:: Data section ::

───

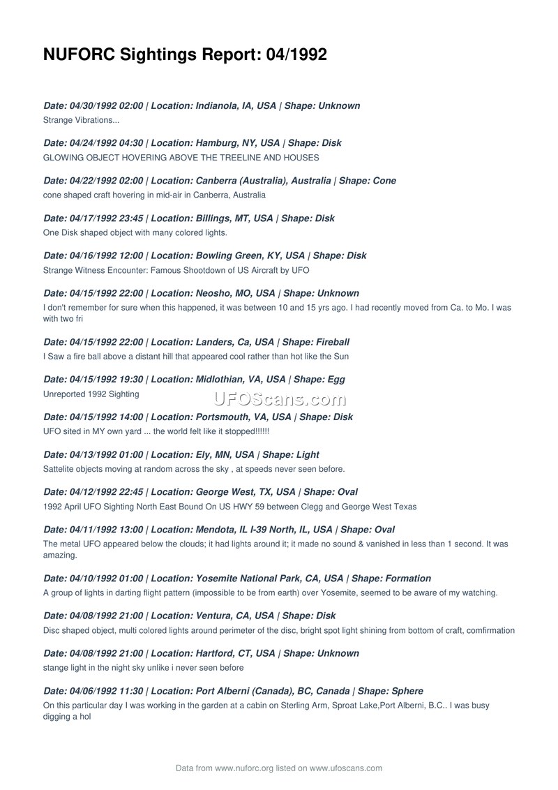 This document is a compilation of UFO sighting reports submitted to the National UFO Reporting Center (NUFORC) for the month of April 1992. The report lists various incidents occurring across the United States, Canada, and Australia. The sightings describe a wide range of phenomena, including glowing objects, disk-shaped craft, fireballs, egg-shaped objects, and formations of lights. Specific reports include a witness in Bowling Green, Kentucky, mentioning a 'famous shootdown of US aircraft by UFO,' and a report from Port Alberni, Canada, where a witness observed a sphere while gardening. Other accounts describe objects with multi-colored lights, rapid movement, and silent flight. Some witnesses reported physical or psychological impacts, such as the feeling that the world had stopped or the observation of lights that seemed aware of the observer. The document serves as a chronological log of these civilian-reported events, providing dates, locations, and brief descriptions of the phenomena observed.
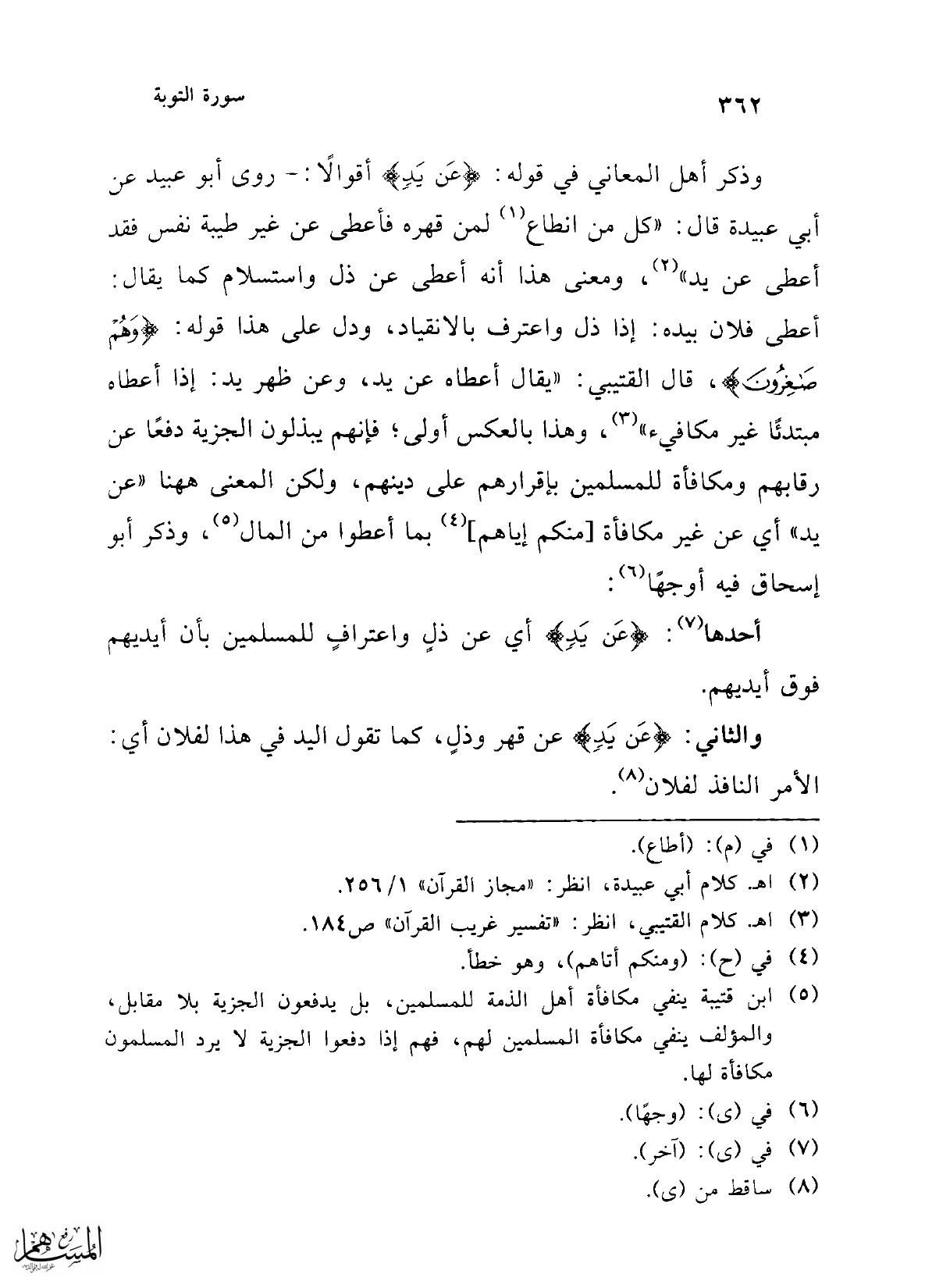 وذكر أهل المعاني في قوله: {عَنْ يَدٍ} أقوالاً:- روى أبو عبيد عن أبي عبيدة قال: "كل من انطاع (¬1) لمن قهره فأعطى عن غير طيبة نفس فقد أعطى عن يد" (¬2)، ومعنى هذا أنه أعطى عن ذل واستسلام كما يقال: أعطى فلان بيده: إذا ذل واعترف بالانقياد، ودل على هذا قوله: {وَهُمْ صَاغِرُونَ}، قال القتيبي: "يقال أعطاه عن يد، وعن ظهر يد: إذا أعطاه مبتدئًا غير مكافيء" (¬3)، وهذا بالعكس أولى؛ فإنهم يبذلون الجزية دفعًا عن رقابهم ومكافأة للمسلمين بإقرارهم على دينهم، ولكن المعنى ههنا "عن يد" أي عن غير مكافأة [منكم إياهم] (¬4) بما أعطوا من المال (¬5)، وذكر أبو إسحاق فيه أوجهًا (¬6):
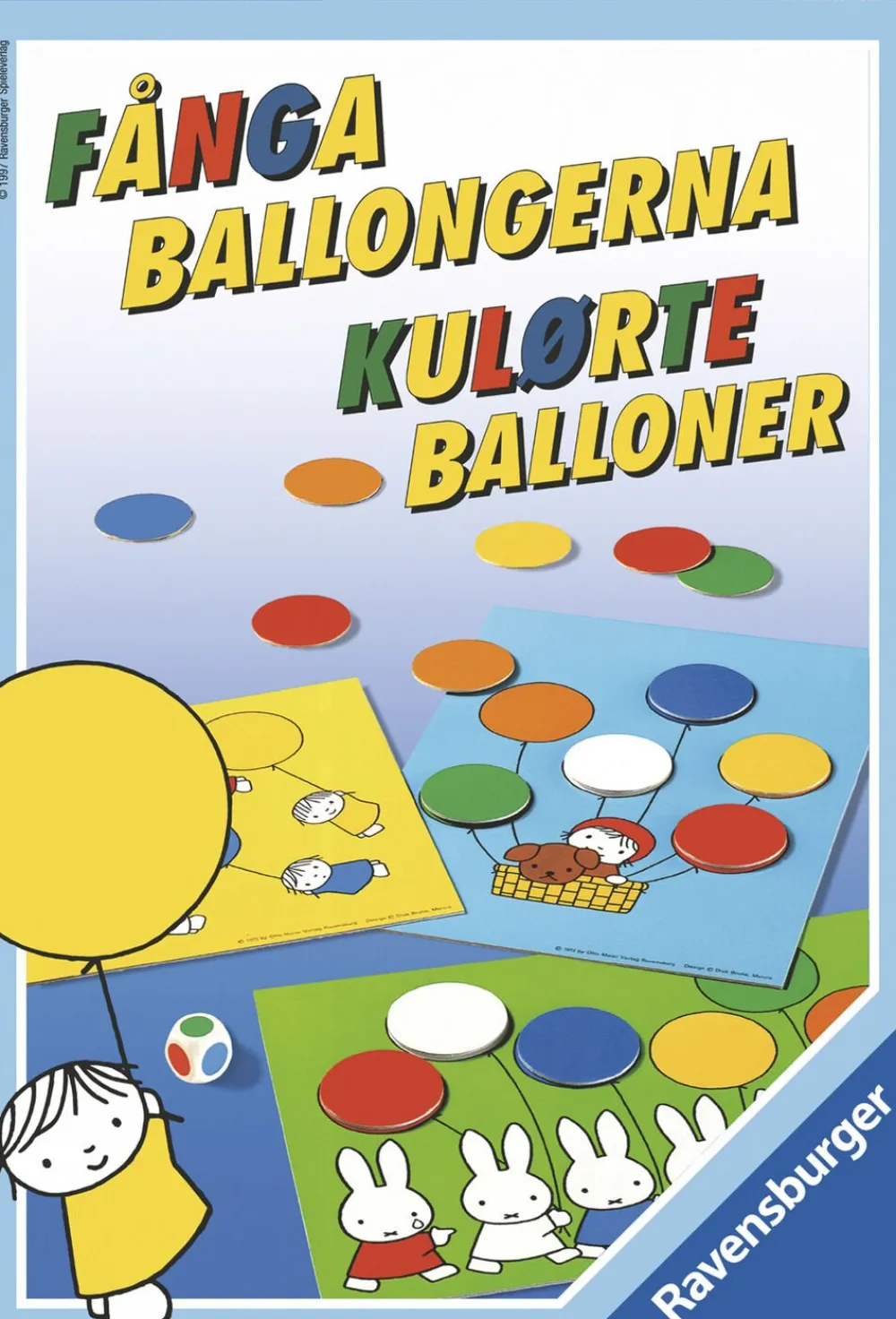 Kulørte Balloner er særdeles velegnet som små børns første spil Ved at spille med de farvestrålende spilleplader lærer børnene de grundlæggende elementer i alle spil – at acceptere spillets regler – at vente på sin tur – at være hensynsfuld over for yngre spillere, som ikke behersker spillet helt – at være en god taber Spillet lærer også børnene at skelne mellem og navngive 6 forskellige farver Illustrationerne er udført af Dick Bruna Indhold 4 spilleplader, 24 ballonbrikker i forskellige farver, 1 farveterning Fra 3 år 2-4 spillere Spilletid Ca 10 min
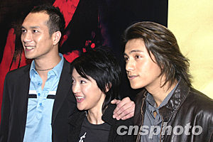 2月5日下午,電影《戀愛中的寶貝》在北京舉行首映新聞發(fā)布會。這部影片融合了中國電影第五代最前衛(wèi)的藝術思考與風格創(chuàng)新。正式放映之前就獲得包括威尼斯電影節(jié)、柏林電影節(jié)、墨爾本電影節(jié)、意大利遠東電影節(jié)、香港電影節(jié)等各大電影節(jié)的邀請。被稱為中國內地2004年最值得期待的第一部國產大片。圖為影片的三名主要演員:黃覺、周迅、陳坤(從左到右)。作者:高遠

───

:: What you need to do ::
Could you write out the whole listing exactly, dropping the pictures?

:: Solution to the exercise ::
 This document is a compilation of UFO sighting reports submitted to the National UFO Reporting Center (NUFORC) for the month of April 1992. The report lists various incidents occurring across the United States, Canada, and Australia. The sightings describe a wide range of phenomena, including glowing objects, disk-shaped craft, fireballs, egg-shaped objects, and formations of lights. Specific reports include a witness in Bowling Green, Kentucky, mentioning a 'famous shootdown of US aircraft by UFO,' and a report from Port Alberni, Canada, where a witness observed a sphere while gardening. Other accounts describe objects with multi-colored lights, rapid movement, and silent flight. Some witnesses reported physical or psychological impacts, such as the feeling that the world had stopped or the observation of lights that seemed aware of the observer. The document serves as a chronological log of these civilian-reported events, providing dates, locations, and brief descriptions of the phenomena observed.
 وذكر أهل المعاني في قوله: {عَنْ يَدٍ} أقوالاً:- روى أبو عبيد عن أبي عبيدة قال: "كل من انطاع (¬1) لمن قهره فأعطى عن غير طيبة نفس فقد أعطى عن يد" (¬2)، ومعنى هذا أنه أعطى عن ذل واستسلام كما يقال: أعطى فلان بيده: إذا ذل واعترف بالانقياد، ودل على هذا قوله: {وَهُمْ صَاغِرُونَ}، قال القتيبي: "يقال أعطاه عن يد، وعن ظهر يد: إذا أعطاه مبتدئًا غير مكافيء" (¬3)، وهذا بالعكس أولى؛ فإنهم يبذلون الجزية دفعًا عن رقابهم ومكافأة للمسلمين بإقرارهم على دينهم، ولكن المعنى ههنا "عن يد" أي عن غير مكافأة [منكم إياهم] (¬4) بما أعطوا من المال (¬5)، وذكر أبو إسحاق فيه أوجهًا (¬6):
 Kulørte Balloner er særdeles velegnet som små børns første spil Ved at spille med de farvestrålende spilleplader lærer børnene de grundlæggende elementer i alle spil – at acceptere spillets regler – at vente på sin tur – at være hensynsfuld over for yngre spillere, som ikke behersker spillet helt – at være en god taber Spillet lærer også børnene at skelne mellem og navngive 6 forskellige farver Illustrationerne er udført af Dick Bruna Indhold 4 spilleplader, 24 ballonbrikker i forskellige farver, 1 farveterning Fra 3 år 2-4 spillere Spilletid Ca 10 min
 2月5日下午,電影《戀愛中的寶貝》在北京舉行首映新聞發(fā)布會。這部影片融合了中國電影第五代最前衛(wèi)的藝術思考與風格創(chuàng)新。正式放映之前就獲得包括威尼斯電影節(jié)、柏林電影節(jié)、墨爾本電影節(jié)、意大利遠東電影節(jié)、香港電影節(jié)等各大電影節(jié)的邀請。被稱為中國內地2004年最值得期待的第一部國產大片。圖為影片的三名主要演員:黃覺、周迅、陳坤(從左到右)。作者:高遠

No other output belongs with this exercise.